The observation of chirality on inorganic nanoparticles (NPs) systems is an interesting and highly important phenomenon which has recently attracted considerable attention and has become a hot topic in nanoscience research.

Many novel and interesting properties of chiral NPs have been explored and studied, showing that these systems could be of significant importance in both fundamental and application-oriented research. Very recently we have introduced a new strategy for designing and preparing chiral NPs which relies on a gelator fiber-templated approach in which the local organization is driven by the information already inscribed on the gel fibers.

Plasmonic circular dichroism was obtained by chiral 3D organisation of gold nanorods, generated by their self-assembly onto a gel fiber template with twisted morphology. Circular dichroism measurements revealed intense plasmon-induced Cotton effect, and the highest anisotropy factor for metal nanoparticles in solution reported so far. The aim of this project is to gain a molecular-level understanding of the interaction of NPs with the gelators within the gel matrix and of the origin of the chirality observed in the inorganic NPs.

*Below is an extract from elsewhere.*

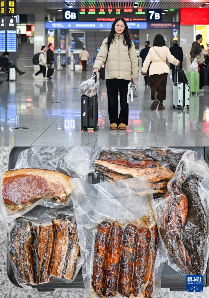 这是一张拼版照片:上图为来自重庆市渝北区仙桃街道的毛靖萱在重庆北站候车,准备返回四川成都工作;下图为她行囊中装着父母为她准备的腊肉、香肠等(2月4日摄)。新华社记者 王全超 摄

Furthermore, a comprehensive understanding of the mechanism of the twist formation and control the chiral twists in oxalamide-based gelator assemblies will be sought.

The long-term objective of this project is to explore the correlation between the morphology of the chiral gel fibers and the SP-CD responses of NPs. More specifically, the project will focus on (1) the preparation of nanocomposite chiral materials built-up from supramolecular fibers of different morphology serving as templates for surface assembly of NPs; (2) the screening of their optical properties and on identifying the factors responsible for an efficient optical enhancement; (3) the determination of the characteristics and the origins of the chirality in NPs.